Artificial intelligence has the potential to deliver game-changing results for quality inspection and defect detection. However, until now the process of training the model has proven problematic. The traditional, supervised model requires extensive input from the quality manager and other personnel involved in the production process. For many, the hassle and time this process takes means it is not a worthwhile investment.
The alternative, unsupervised model promises much more on paper, but often fails to deliver in practice. For an unsupervised model, minimal input is required to get the model up and running, but you need input at a later stage to optimize the model. Experience has taught us that relatively minor changes in environmental conditions can seriously impact the performance of the model, which requires the data specialist or other service personnel who supplied the system returning to fine-tune the model.
This can be a never-ending story, and one that never ends with a model that fully meets the needs and KPIs of the user.
The optimal solution that industry experts are now leaning toward involves a mixture of these two models. The first stage of the model building process involves as much automation as possible, and is largely unsupervised. The model can be fed untagged images during normal production and learn for itself, building a general understanding of what an okay product looks like and what potential defects look like, grouping the latter into categories. By automating this stage of the model-building process, you reduce time and stress.
However, you still need guided learning to fine-tune that final twenty percent of the process. At some stage, the model will require feedback so that it can understand, from the defects that it’s found, which actually are defects and which are normal occurrences, like the presence of dust, fiber or water.

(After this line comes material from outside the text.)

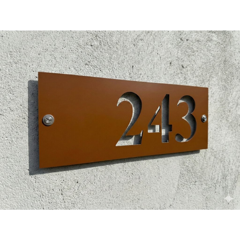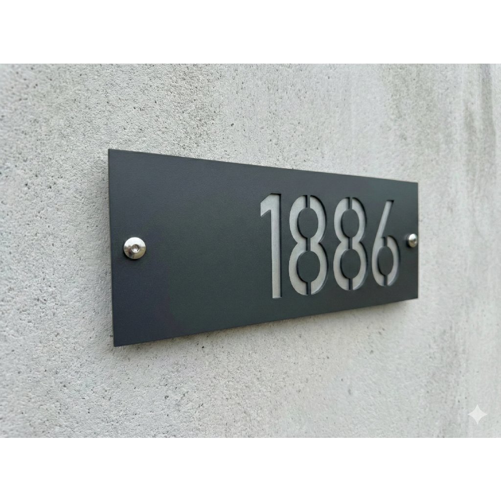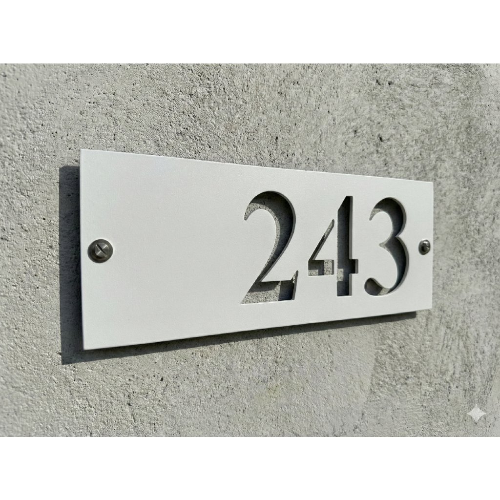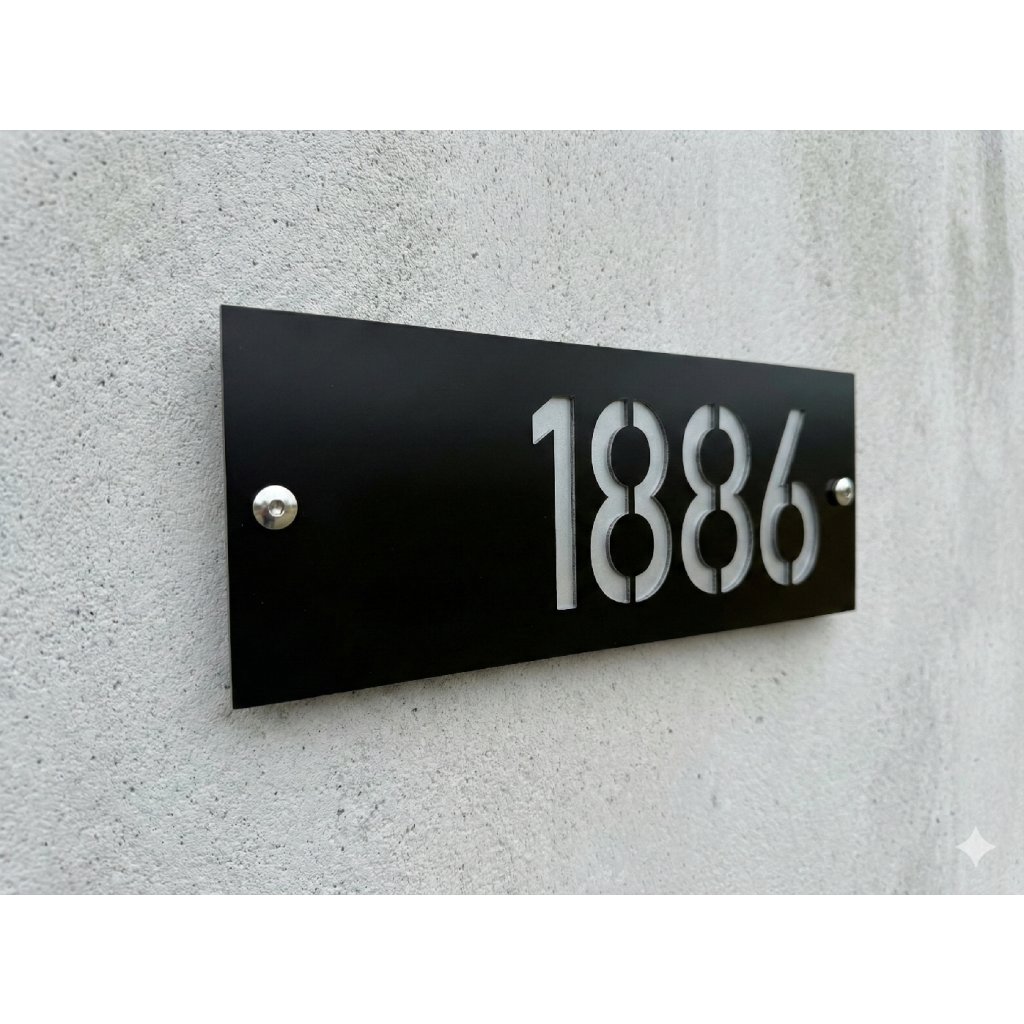 Do poznámky pri objednávke uveďte požadované číslo domu. Môžete zadať aj kombináciu znakov či písmen, napríklad 125/2a. Domové číslo je dostupné v dvoch typoch písma: verzia s pätkami pôsobí tradičnejšie a elegantnejšie (má malých ozdobných čiar na koncoch ťahov písmen), verzia bez pätiek je moderná, minimalistická a čisto geometrická. Výroba trvá približne 1 až 2 pracovné dni. Produkt je vhodný pre rodinné domy, chaty, apartmány aj novostavby.

The model also needs feedback on which regions of the product are more sensitive than others, so it know where to pay the most attention in the future.
Who is the best person to be involved in this process? The data experts, who understand artificial intelligence but have less familiarity with the product? Or the quality manager or similar production personnel, who have a deep knowledge of the product and the potential defects, but do not have a background in AI?
Leverage the Quality Manager
Until now, the answer to this question was the data expert. If the model was not performing as intended, you had to bring in the data expert to optimize it further or provide additional feedback.
The problem with this is approach was that the data expert won’t be able to determine the difference between a defect that requires flagging, and a defect that is within tolerable limits. They are also less knowledge about different categorizations of defect. They can provide feedback to the model, but without that specific knowledge of the product and the defects that occur, that feedback will be model-oriented, rather than product-oriented.
Ideally, you therefore want the quality manager or another person who knows the product inside out involved in training the model. The problem was that until now, their involvement demanded significant time. By having the first stage of the learning process automated or unsupervised, you can eliminate this. You then need the input of the quality manager for that final ten or twenty percent, to provide the feedback and optimization in those areas where knowledge of the product is key.
By leveraging the knowledge of production personnel, the model you develop is far more accurate and can handle the more complex problems with which previous generations struggled.